An HL7 message looks like this.  Imagine a file with 100,000 of them stacked on top of each other, to get an idea of what I'm working with.

MSH|^~\&|EPIC|EPICADT|SMS|SMSADT|199912271408|CHARRIS|ADT^A04|1817457|D|2.5|
PID||0493575^^^2^ID 1|454721||DOE^JOHN^^^^|DOE^JOHN^^^^|19480203|M||B|254 MYSTREET AVE^^MYTOWN^OH^44123^USA||(216)123-4567|||M|NON|400003403~1129086|
NK1||ROE^MARIE^^^^|SPO||(216)123-4567||EC|||||||||||||||||||||||||||
PV1||O|168 ~219~C~PMA^^^^^^^^^||||277^ALLEN MYLASTNAME^BONNIE^^^^|||||||||| ||2688684|||||||||||||||||||||||||199912271408||||||002376853

 

Each segment prefixed with a segment type, each field in the segment split with a pipe, each sub-field with a carrot, and sub-sub-fields with an ampersand.

 

I started this project by writing each file to an array parsing on MSH|^~\&.  This gave me 2 arrays to compare.  I ran the compare using this snipit, modeled off a post i found here:

_ArraySort($AnchorArray, 0, 1, 0, 0, 1)

; comparing the 2 array's
For $i = 0 to UBound($TestingArray) - 1
    $Index = _ArrayBinarySearch($AnchorArray, $TestingArray[$i], 1)
    GUICtrlSetData($LabelStatus,"Status: comparing record"&$i)

    ; add equal rows to a string
    If $Index <> -1 Then
        $delString1 &= ";" & $Index
        $delString2 &= ";" & $i
    EndIf
Next
; removing the equal rows from the array's
_ArrayDelete($AnchorArray, $delString1)
_ArrayDelete($TestingArray, $delString2)


; writing the rsult to files
_FileWriteFromArray("migrationcompare\"&$FnMIA, $TestingArray)
_FileWriteFromArray("migrationcompare\"&$FnMIT, $AnchorArray)

and removed the matching messages, leaving me with 2 files (Missing in Anchor) and (Missing in Test)... Now these missing files can either actually be missing or they can be mapped wrong.  They may exist but some part of the string maybe different.  So I took it a step further.
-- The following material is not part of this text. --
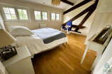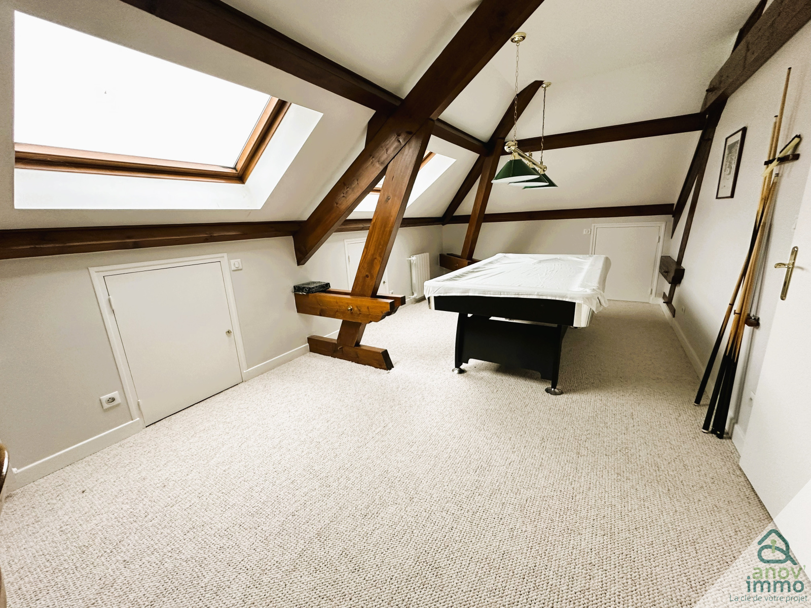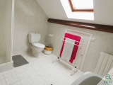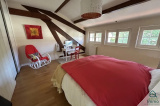 A l'étage, un grand palier dessert trois grandes chambres avec une belle hauteur (14 m², 18 m² et 18 m²), une salle d’eau avec wc, ainsi que de vastes combles (61 m²) qui offrent de nombreuses possibilités d’aménagement (salle de jeux, suite parentale, atelier, etc.).

I then run each of these through another step and create 2 files with just the MSH.10 field (in Red above).  An MSH.10 field SHOULD be a UUID for each message.  I then compare these 2  MSH.10 files to see what MSH.10's match in (Missing in Anchor) and (Missing in Test)...That tells me what messages exist in both the anchor (legacy) outbound and Test(new) outbound, but don't match.. these I have to correct with my mapper logic.  I also create 2 other files, one for messages that got past my filters and shouldn't have, and one that is for messages that didn't get across that should have.  I use these to work on my filtering logic.

The only thing is these 3 final files are just MSH.10 values.  I have to then search my files for the actual record, pull it out of the legacy and the test files and then do a compare with notepad++ or ultraedit to see what exactly doesn't match.  What I'd like to happen is for my final 3 files to not be just the MSH.10 value, but the actual messages so I can skip a step of finding them.

So my thoughts are:  Look at the 2 'Missing' files that have the full HL7 records in them and searching for the matching MSH.10 values from above, create 2 new missing files that have only the messages that had the matching MSH values.... should work but a string in string function will take to long... so my thought is to prefix each message with the MSH.10 value and then do a compare on only the first X characters... 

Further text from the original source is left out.